Phair noted that police could also obtain passwords for smartphone access through a court order. Those who refuse face up to two years in prison.

Preparing for device seizure

The risks sound fairly low but it's something to consider before attending a protest armed with a smartphone that's carrying months or years of information about the user.

Also, if a seizure does occurs it happens in the reverse order to a warrant-based raid on a property. Police have the device before they have written authority to search it, and how difficult that part will be depends on how well the device has been secured.

"Protecting your technology in Australia is a bit tricky and I think it's fair to say it'll get trickier as technology improves," says online rights campaigner Geordie Guy.

"Already if police seize your phone they probably have contact details of hundreds of people you know, your photo albums and home videos."

The US-organisation Electronic Frontiers Foundation (EFF) last week released advice for Occupy Wall Street protesters, stressing the need for them to prepare devices for the moment it is seized.

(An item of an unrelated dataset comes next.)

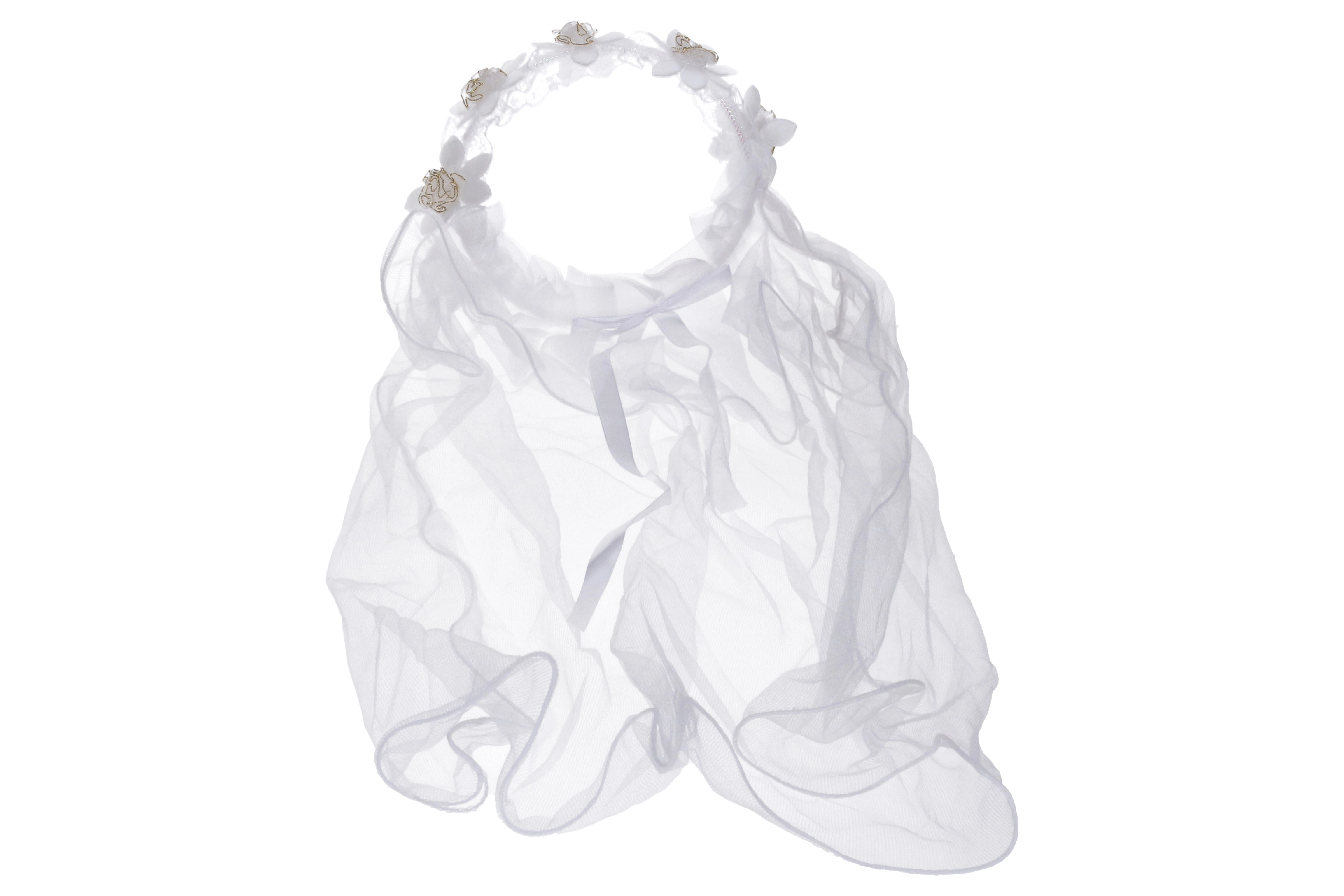 Αυτή η στιλάτη στέκα με πέπλο μεταμορφώνει σε χρόνο μηδέν μια μικρή πριγκίπισσα, νεράιδα ή νύφη. Το απαλό, ημιδιάφανο τούλι κυματίζει όμορφα και οι λουλουδάτες λεπτομέρειες χαρίζουν στο αξεσουάρ έναν ρομαντικό χαρακτήρα. Χάρη στο ελαφρύ ύφασμα και την ελαστική εφαρμογή, φοριέται άνετα όλη την ημέρα.

"Think carefully about what's on your phone before bringing it to protest," it warns.

Protesters should also activate password-protect, set the timeframe for the phone to require a password to 'immediate', and explore the device's encryption options.

For the more security conscious, even built-in encryption features such as those available on iOS devices have their limitations, in particular for videos and photos.

Apple's iOS 5 encrypts the address book, emails and SMS history, but it is only partial, says Canadian-based Sophos security analyst, Chester Wisniewski.

"User generated content (Movie, photos, recordings, videos, music, podcasts, etc) are available to anyone who has physical access to the device."

Anyone can access this content by connecting it to a machine running a version of the open source Ubuntu operating system, without a password, he says.

While EFF urges protesters to take photos and video to discourage police misconduct, there may also be times at the protest when it is best not to have the device.

For those heading to an area where an arrest and seizure is more likely, it recommends handing the device to a friend who is out of the firing line.

Demanding passwords

Given the time may it take for police to return the device, it recommends to back up the device prior to attending the protest to ensure continued access to critical data.

And if police demand a protester gives up the password to a seized device, the EFF advises to politely refuse the request and ask for a lawyer.

"Remember you have the right to remain silent," it says.

Much of the EFF's advice could apply to Australian protests, but Australians need to be "extra careful", says EFA's Guy.

"If attending a situation where a device could be seized, I'd advise moving all content -video, photo, apps - off temporarily. If you still have whatever phone you had before your current one, continue taking that," he says.

The last thing a protester wants to contend with is police demanding the passwords to the device. While the power to search a seized device is the subject of court action in the US, according to Guy, Australians face the risk of obstructing an investigation.

"If you are asked to provide access to the device to facilitate police seizure of its contents and you refuse, police will consider you to be obstructing them. It's remarkably easy to obstruct police in Australia, even asserting that you don't remember something that you do will get you in trouble," he says.

"If we're further down the path and it's in court, refusing to unlock something as directed by a court order is contempt and leads to a layercake of trouble."

Besides, if police really want to get the data on a protester's device, they have time on their side.

"If you refused to supply the password, password cracking tools have solved that problem. That is only a matter of computing resources and time," says Pure Hacking's McAdam.